LabVIEW
How to convert the U8 image to U16 ? or how I use U8 image in U16 for image processing ?
Solved!
Hello,
I am working on differential phase contrast imaging project,
Where, I have to generate the differential phase contrast image from two images taken with opposite illumination angle.
Steps to generate the DPC image
1) Add to images .................................................................get image 1
2) Subtract Two images from each other.............................get image 2
3) Divide image 2 / image 1................................................(DPC image)
Equation is = DPC(image) = I(L) - I(R) / I(L) + I(R)
I(L) = image taken by illuminating the left half circle.
I(R) = image taken by illuminating the right half circle
Illumination pattern
So, made VI to do the same task, but I got to know that I can not work with U8 to desire result, so I need to convert the U8 image into U16 or after loading the image ,the pixel values re-format into datatypes with higher bits
So, if some knows the solution then just let me know.

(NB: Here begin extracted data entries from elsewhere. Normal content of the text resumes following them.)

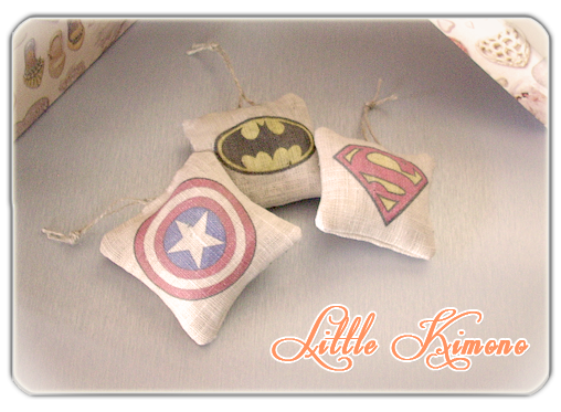 Saquitos aromáticos con los logos de Capitán América, Batman y Superman
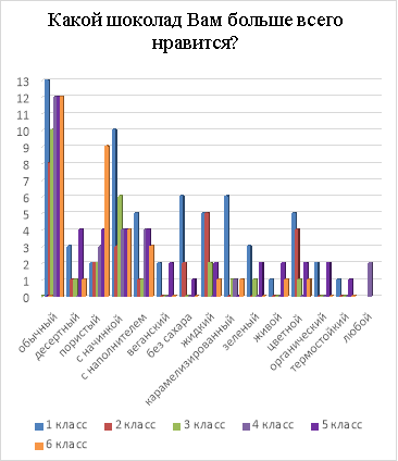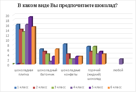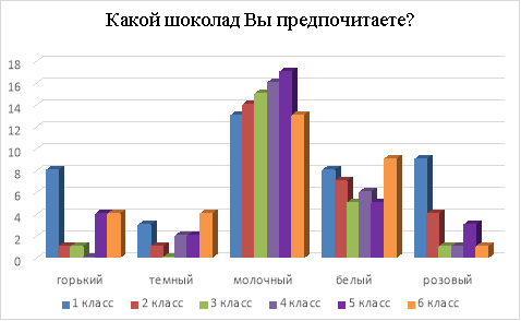 Среди опрошенных школьников самым любимым оказался молочный шоколад, ему отдали предпочтение 67 из 120 прошедших анкетирование.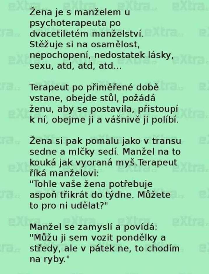 "Ježíšmarjá, vy jste ale kráva, to jsou nápady, vždyť přeci vidíte, že nemám nohy! No to jsem ještě neviděl,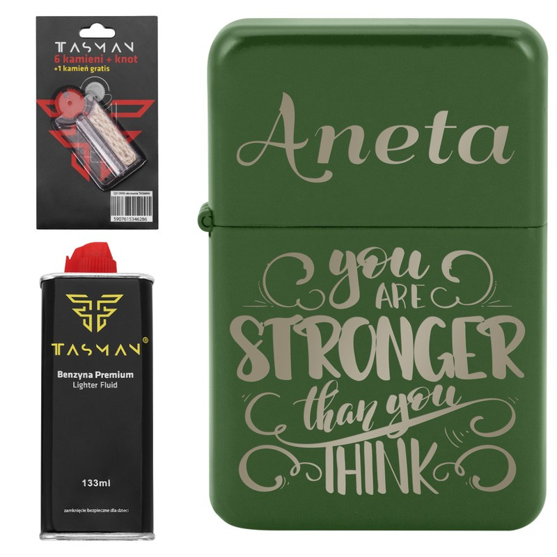 Zapalniczka benzynowa TASMAN - Zielony Mat Grawer/ benzyna / knot / kamienie

I will be very helpful to me.
I have attached the VI and both images.
Thank you.
I extend unsigned number.
As I need to get the phase information from the intensity of the images I need to re-form image into U16 to get out more information and U8 is not suitable to do image processing while it provides detail between 0 to 255.

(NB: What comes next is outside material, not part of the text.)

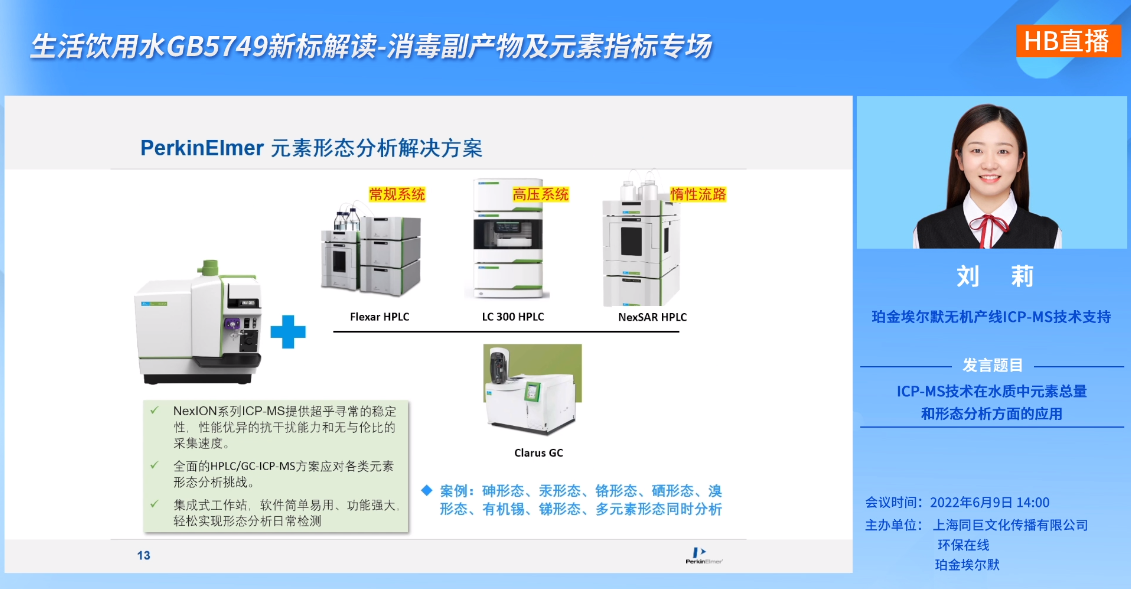 珀金埃爾默無機(jī)產(chǎn)線ICP-MS技術(shù)支持劉莉介紹了ICP-MS技術(shù)在水質(zhì)檢測方面的應(yīng)用,劉莉從GB 5749和GB 5750的變化展開,介紹了GB5749與舊版相比更新的內(nèi)容,新標(biāo)準(zhǔn)的水質(zhì)指標(biāo)由106項調(diào)整為97項,水質(zhì)參考指標(biāo)由28項增加到55項。隨后劉莉介紹了針對ICP-MS技術(shù)在水質(zhì)中元素總量和形態(tài)分析方面珀金埃爾默的特色方案,如智能電子稀釋技術(shù)。隨后,劉莉介紹了GB 5750元素分析最大變化——增加元素形態(tài)分析方法,珀金埃爾默在元素形態(tài)分析方面也有著豐富的解決方案。NexION系列ICP-MS提供超常的穩(wěn)定性,性能優(yōu)異的抗干擾能力和出色的采集速度;全面的HPLC/GC ICP-MS方案應(yīng)對各類元素形態(tài)分析挑戰(zhàn);集成式工作站,軟件簡單易用、功能強(qiáng)大,輕松實現(xiàn)形態(tài)分析日常檢測。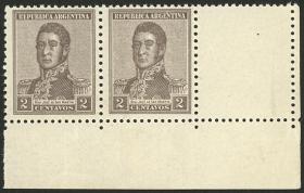 181 ARGENTINA - EMISIONES GENERALES Pareja / Nuevo Mint N°Cat.: GJ.1301 var. MB. GJ.1301, Cuadro esquina de hoja con DOBLE DENTADO inferior que produce 2 complementos chicos, MB calidad! Precio inicial: US$ 30 Precio actual: US$ 30 Oferte US$ 30 o más

By subtracting two images taken from the opposite angle of illumination. I have phase gradient information and anyway I have to remove the background information.
I asked to my professor and he asked me to do ''
After loading the images, the pixel values should be re-formatted into datatypes with higher bits , e.g., double. UNIT8 is 8bit, not suitable for computation.''
what I am doing is, if I do summation of two images I will have images like sown below (I(T) + I (B)) and when I use that above equation I will have dpc image like shown below.